**TASK INPUT:**
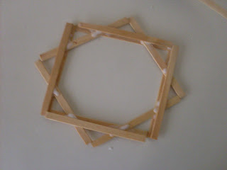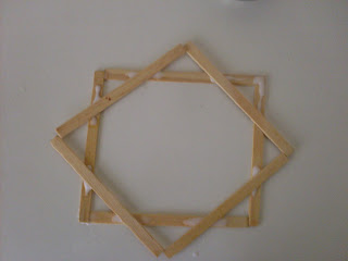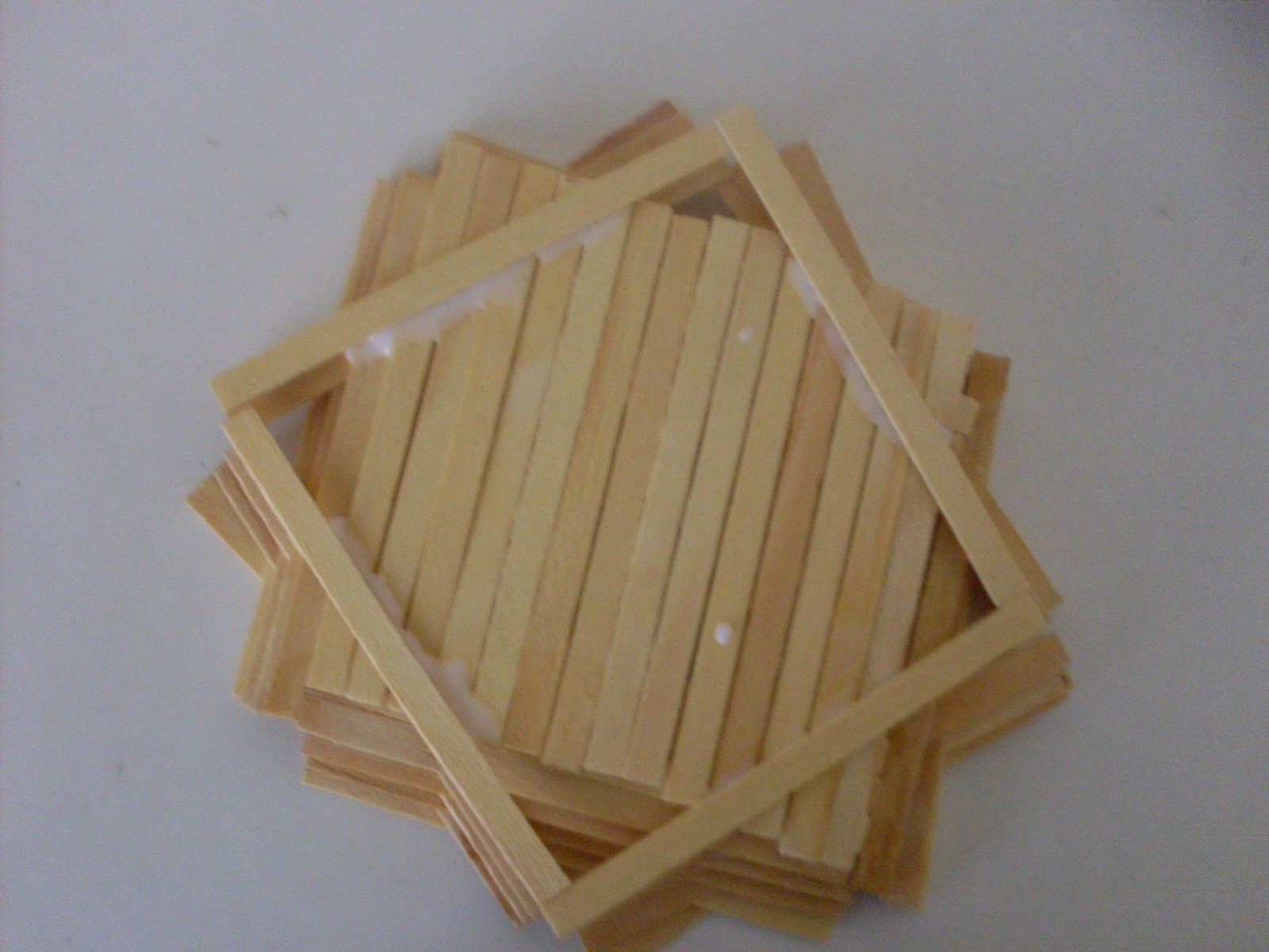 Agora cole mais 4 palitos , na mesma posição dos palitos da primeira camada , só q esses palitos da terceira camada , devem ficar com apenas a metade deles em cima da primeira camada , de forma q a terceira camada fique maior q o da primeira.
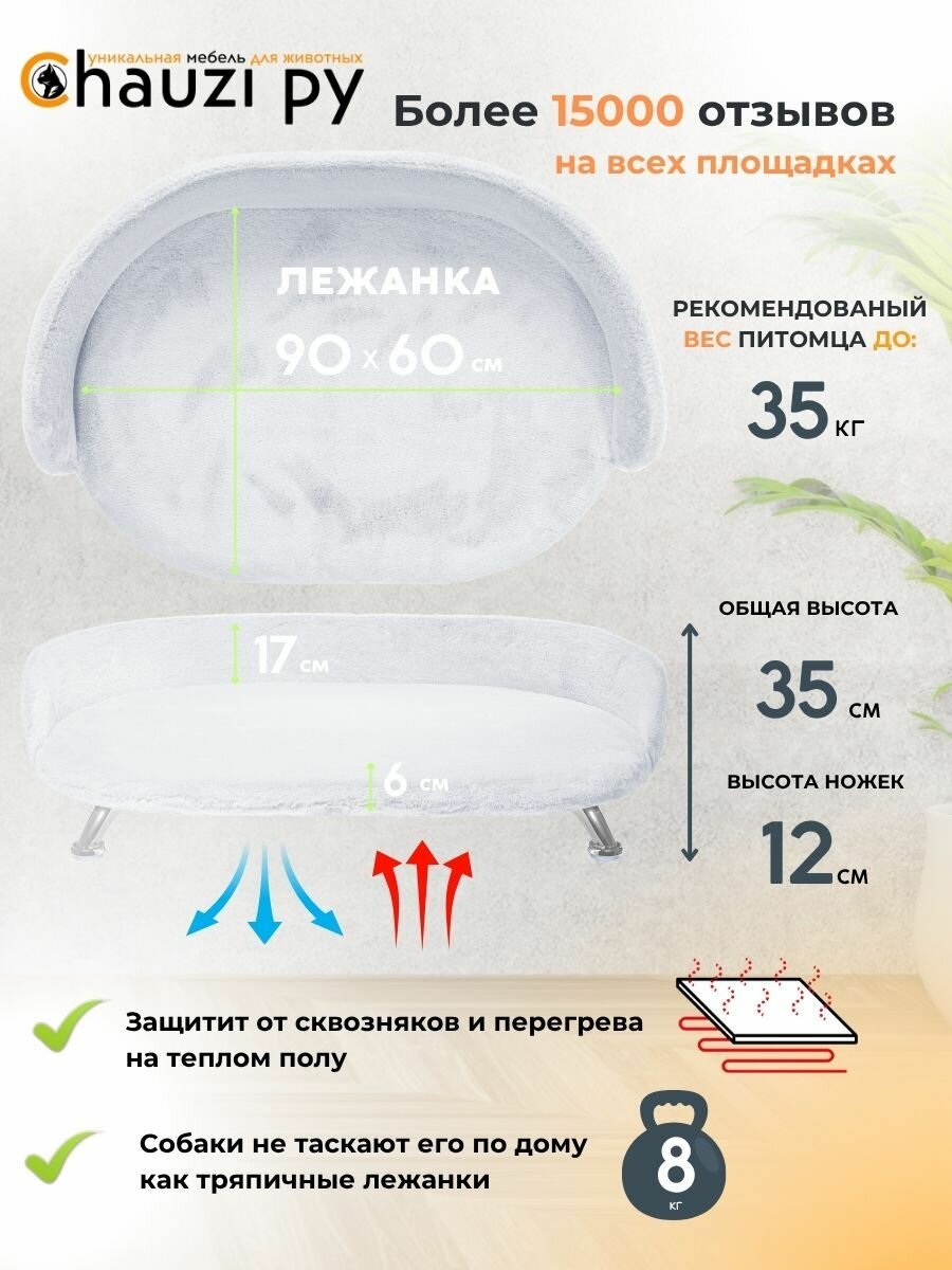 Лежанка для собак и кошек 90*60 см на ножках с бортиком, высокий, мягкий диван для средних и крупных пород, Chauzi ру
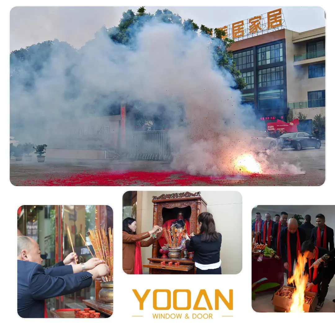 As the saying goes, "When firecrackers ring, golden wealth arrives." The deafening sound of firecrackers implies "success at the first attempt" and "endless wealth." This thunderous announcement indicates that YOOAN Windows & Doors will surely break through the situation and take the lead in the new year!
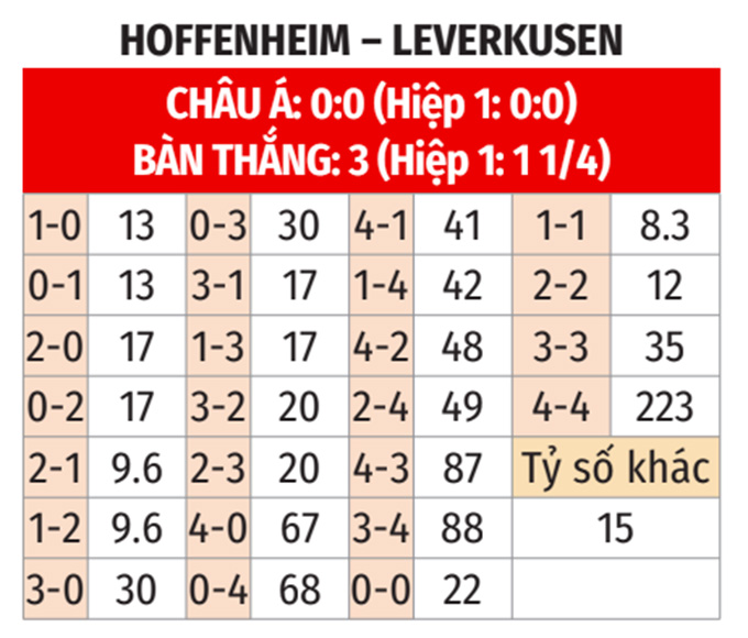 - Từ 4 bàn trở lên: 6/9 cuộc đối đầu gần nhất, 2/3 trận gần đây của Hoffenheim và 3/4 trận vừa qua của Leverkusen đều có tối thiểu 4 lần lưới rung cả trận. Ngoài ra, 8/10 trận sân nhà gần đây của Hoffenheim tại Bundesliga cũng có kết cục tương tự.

...

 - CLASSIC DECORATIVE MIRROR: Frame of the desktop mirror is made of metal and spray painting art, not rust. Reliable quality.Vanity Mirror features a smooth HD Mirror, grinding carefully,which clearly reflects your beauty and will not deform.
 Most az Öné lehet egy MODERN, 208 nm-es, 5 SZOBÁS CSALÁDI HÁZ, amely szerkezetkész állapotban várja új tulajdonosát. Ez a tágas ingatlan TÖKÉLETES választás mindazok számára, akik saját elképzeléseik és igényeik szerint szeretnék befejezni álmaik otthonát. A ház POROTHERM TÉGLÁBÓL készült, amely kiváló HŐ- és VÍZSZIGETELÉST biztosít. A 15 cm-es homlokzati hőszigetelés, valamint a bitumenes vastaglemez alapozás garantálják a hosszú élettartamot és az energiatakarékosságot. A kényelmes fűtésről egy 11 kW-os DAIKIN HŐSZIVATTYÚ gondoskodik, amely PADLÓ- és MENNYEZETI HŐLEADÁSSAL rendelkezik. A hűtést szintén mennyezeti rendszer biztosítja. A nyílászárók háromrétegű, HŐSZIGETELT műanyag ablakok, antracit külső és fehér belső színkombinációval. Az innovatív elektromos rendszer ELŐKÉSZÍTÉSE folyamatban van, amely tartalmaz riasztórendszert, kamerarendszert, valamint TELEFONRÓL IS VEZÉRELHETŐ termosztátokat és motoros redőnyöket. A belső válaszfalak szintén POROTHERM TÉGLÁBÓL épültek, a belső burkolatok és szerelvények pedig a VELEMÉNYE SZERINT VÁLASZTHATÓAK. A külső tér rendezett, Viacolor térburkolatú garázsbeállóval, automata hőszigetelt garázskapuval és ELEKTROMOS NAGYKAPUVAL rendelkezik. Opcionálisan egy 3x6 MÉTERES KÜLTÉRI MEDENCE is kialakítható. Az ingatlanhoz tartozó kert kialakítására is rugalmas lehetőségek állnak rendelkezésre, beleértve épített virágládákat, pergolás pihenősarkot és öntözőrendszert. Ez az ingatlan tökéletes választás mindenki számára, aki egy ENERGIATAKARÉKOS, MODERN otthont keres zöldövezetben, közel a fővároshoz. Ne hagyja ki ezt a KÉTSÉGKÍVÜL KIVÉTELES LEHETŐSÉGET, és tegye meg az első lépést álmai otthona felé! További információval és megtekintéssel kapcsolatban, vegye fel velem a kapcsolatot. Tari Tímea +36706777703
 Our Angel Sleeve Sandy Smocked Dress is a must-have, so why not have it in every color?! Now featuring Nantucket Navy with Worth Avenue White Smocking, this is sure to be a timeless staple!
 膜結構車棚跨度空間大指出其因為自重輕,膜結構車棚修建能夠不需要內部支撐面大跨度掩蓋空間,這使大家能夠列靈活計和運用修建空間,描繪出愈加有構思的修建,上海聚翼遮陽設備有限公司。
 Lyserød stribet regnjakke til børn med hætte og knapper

--

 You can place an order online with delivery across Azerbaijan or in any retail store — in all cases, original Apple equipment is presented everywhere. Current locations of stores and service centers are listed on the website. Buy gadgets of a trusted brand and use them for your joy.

**WORK REQUIRED:**
From the material above, give the number of lines that contain the string "your", without any added remark.

**EXERCISE OUTPUT:**
2